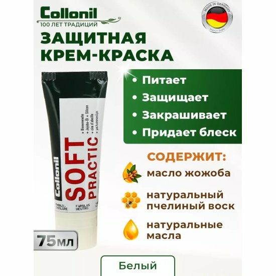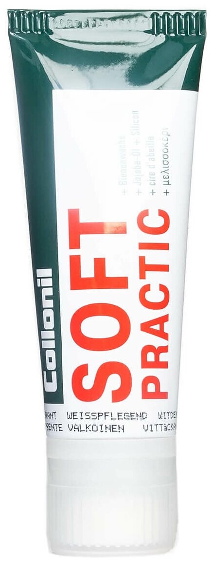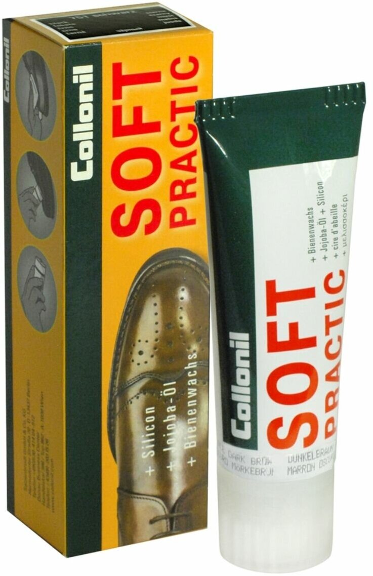 Крем Soft Practic для ухода за обувью из деликатной и чувствительной гладкой кожи. Масло жожоба ухаживает за кожей и смягчает ее, пчелиный воск защищает от влаги и глубоких загрязнений, придает изделию элегантный блеск.
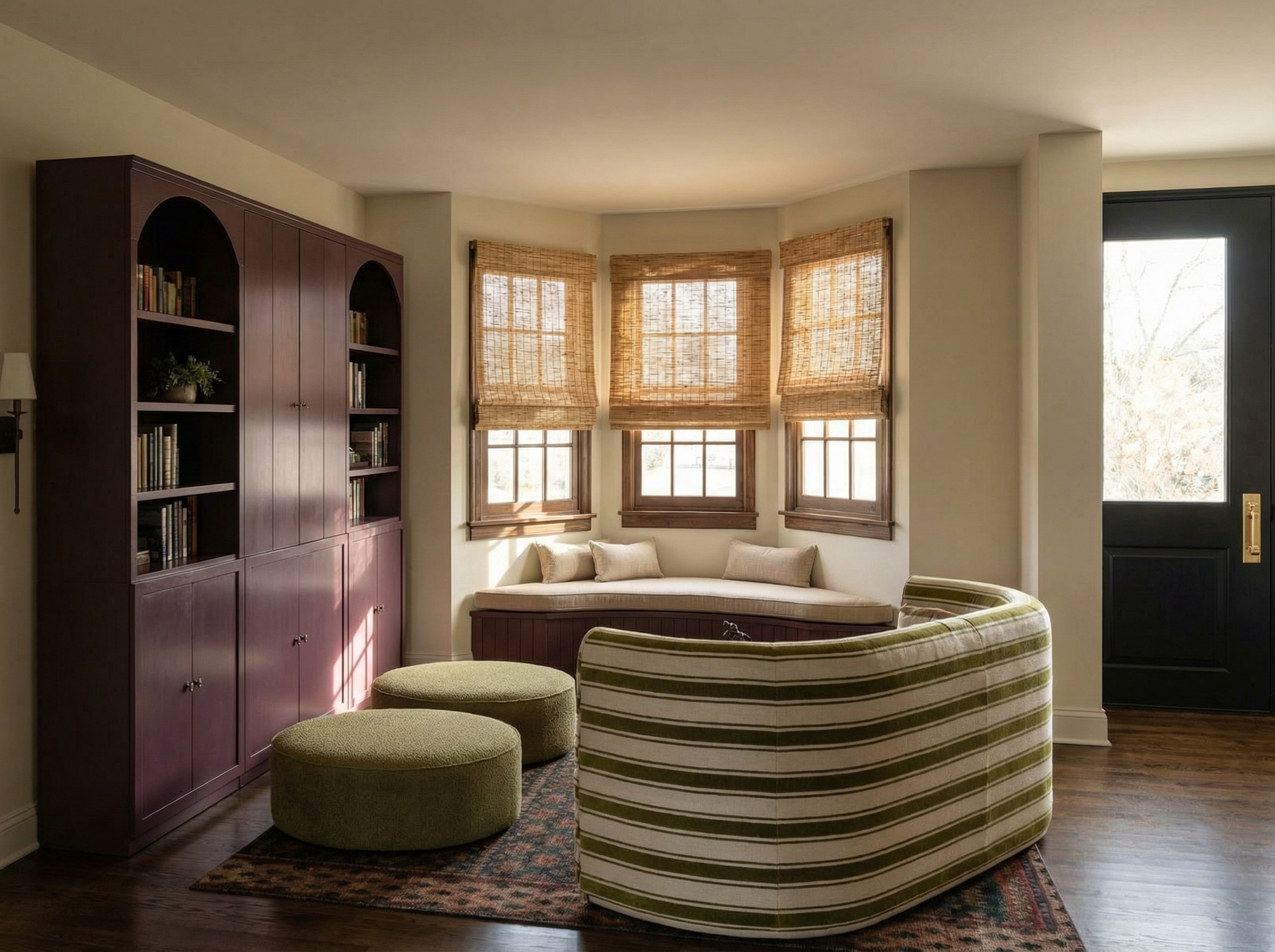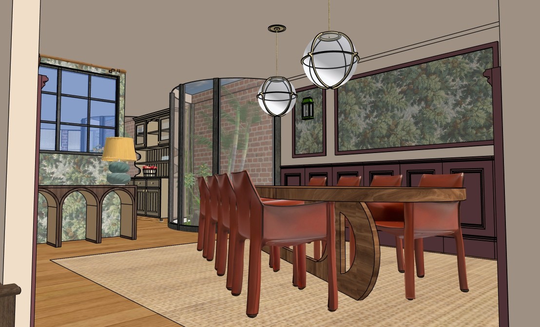 keep the wooden hues to original as the uploaded image keep accurate keep everything the same exactly the paneling on the wall is preference red by farrow and ball and the welsh cabinet on the faaar back is drab by farrow and ball be accurate the lanterns on the wall are green pay attention to coulours behind the partition window the ceiling continues its a room no more windows focus on details
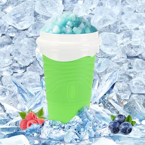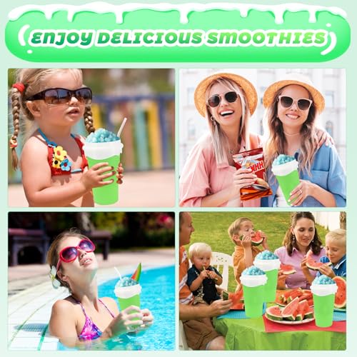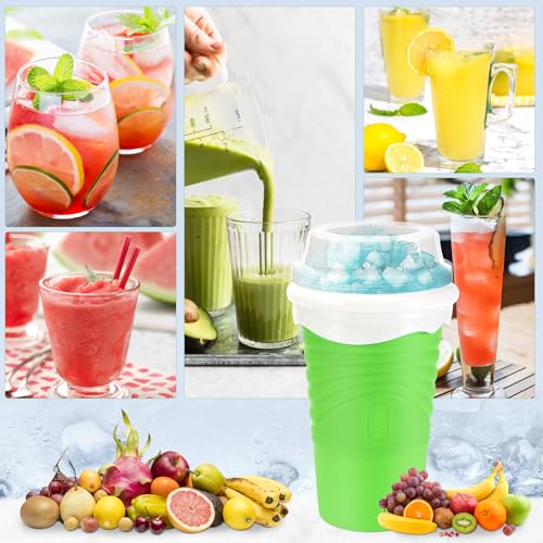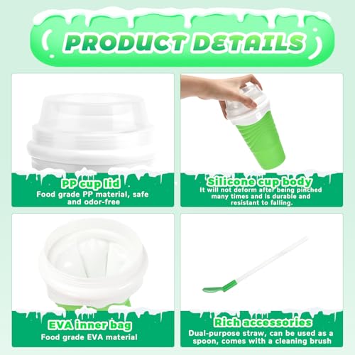 Slushy Maker, Slush Becher, Eis Zum Kneten Slushy Becher, Quick Frozen Magic Cup, Silikon Slushy Maker Cup, Slush Cup Mit Strohhalmlöffel für Diy Cola Oder Saft(Grün)

::::::::

- **Task item**
Output the listing above exactly, but leave its pictures behind.

- **Answer to the exercise**
 Крем Soft Practic для ухода за обувью из деликатной и чувствительной гладкой кожи. Масло жожоба ухаживает за кожей и смягчает ее, пчелиный воск защищает от влаги и глубоких загрязнений, придает изделию элегантный блеск.
 keep the wooden hues to original as the uploaded image keep accurate keep everything the same exactly the paneling on the wall is preference red by farrow and ball and the welsh cabinet on the faaar back is drab by farrow and ball be accurate the lanterns on the wall are green pay attention to coulours behind the partition window the ceiling continues its a room no more windows focus on details
 Slushy Maker, Slush Becher, Eis Zum Kneten Slushy Becher, Quick Frozen Magic Cup, Silikon Slushy Maker Cup, Slush Cup Mit Strohhalmlöffel für Diy Cola Oder Saft(Grün)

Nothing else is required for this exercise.